If a single function might raise more than one type of exception, each can be caught and handled separately.

def mean(num_list):
    try:
        return sum(num_list)/len(num_list)
    except ZeroDivisionError:
        return 0
    except TypeError as original_error:
        msg = "The algebraic mean of an non-numerical list is undefined.\
               Please provide a list of numbers."
        raise TypeError(original_error.__str__() + "\n" +  msg)

Exceptions have the advantage of being simple to include and when accompanied by useful help message, can be helpful to the user. However, not all behaviors can or should be found with runtime exceptions. Most behaviors should be validated with unit tests.

Unit tests

Unit tests are so called because they test the functionality of the code by interrogating individual functions and methods. Functions and methods can often be considered the atomic units of software but what is considered to be the smallest code unit is subjective. Implementing unit tests often has the effect of encouraging both the code and the tests to be as small, well-defined, and modular as possible. In Python, unit tests typically take the form of test functions that call and make assertions about methods and functions in the code base. For now, we'll write some tests for the mean function and simply run them individually to see whether they fail. Later in this lesson, we'll use a test framework to collect and run them. Using a test framework makes running tests streamlined.

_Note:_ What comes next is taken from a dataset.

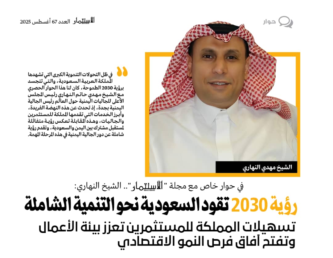 في حوار خاص مع مجلة الاستثمار، أشاد رئيس المجلس الأعلى للجاليات اليمنية في السعودية الشيخ مهدي النهاري، بالرعاية الكريمة التي تحظى بها الجالية اليمنية من قيادة ال

Unit tests are typically made of three pieces, some set-up, a number of assertions, and some tear-down. Set-up can be as simple as initializing the input values or as complex as creating and initializing concrete instances of a class. Ultimately, the test occurs when an assertion is made, comparing the observed and expected values. For example, let us test that our mean function successfully calculates the known value for a simple list.

Before running the next code, save your mean function to a file called mean.py in the working directory.

You can use this code to save to file:

def mean(num_list):
    try:
        return sum(num_list)/len(num_list)
    except ZeroDivisionError:
        return 0
    except TypeError as original_error:
        msg = "The algebraic mean of an non-numerical list is undefined.\
               Please provide a list of numbers."
        raise TypeError(original_error.__str__() + "\n" +  msg)

Now, back in your Jupyter Notebook run the following code:

from mean import *

def test_mean_with_ints():
    num_list = [1, 2, 3, 4, 5]
    observed_value = mean(num_list)
    expected_value = 3
    assert observed_value == expected_value

The test above:

sets up the input parameters (the list [1, 2, 3, 4, 5]);
collects the observed result;
declares the expected result (calculated with our human brain);
and compares the two with an assertion.

A unit test suite is made up of many tests just like this one. A single implemented function may be tested in numerous ways.

In a file called test_mean.py, implement the following code:

from mean import *

def test_mean_with_ints():
    num_list = [1, 2, 3, 4, 5]
    observed_value = mean(num_list)
    expected_value = 3
    assert observed_value == expected_value

def test_mean_with_zero():
    num_list=[0, 2, 4, 6]
    observed_value = mean(num_list)
    expected_value = 3
    assert observed_value == expected_value

def test_mean_with_double():
    # This one will fail in Python 2
    num_list=[1, 2, 3, 4]
    observed_value = mean(num_list)
    expected_value = 2.5
    assert observed_value == expected_value

def test_mean_with_long():
    big = 100000000
    observed_value = mean(range(1,big))
    expected_value = big/2.0
    assert observed_value == expected_value

Use Jupyter Notebook to import the test_mean package and run each test like this:

from test_mean import *

test_mean_with_ints()
test_mean_with_zero()
test_mean_with_double()
test_mean_with_long()

We just wrote and ran five tests for our mean() function. You may have noticed that several of the tests look very similar to each other -- they introduce an input, call mean(), and test its output against an expected value. We'll come back to this later, offering a way to write a single test that applies to multiple inputs.

Using the test framework `pytest`

We created a suite of tests for our mean function, but it was annoying to run them one at a time. It would be a lot better if there were some way to run them all at once, just reporting which tests fail and which succeed.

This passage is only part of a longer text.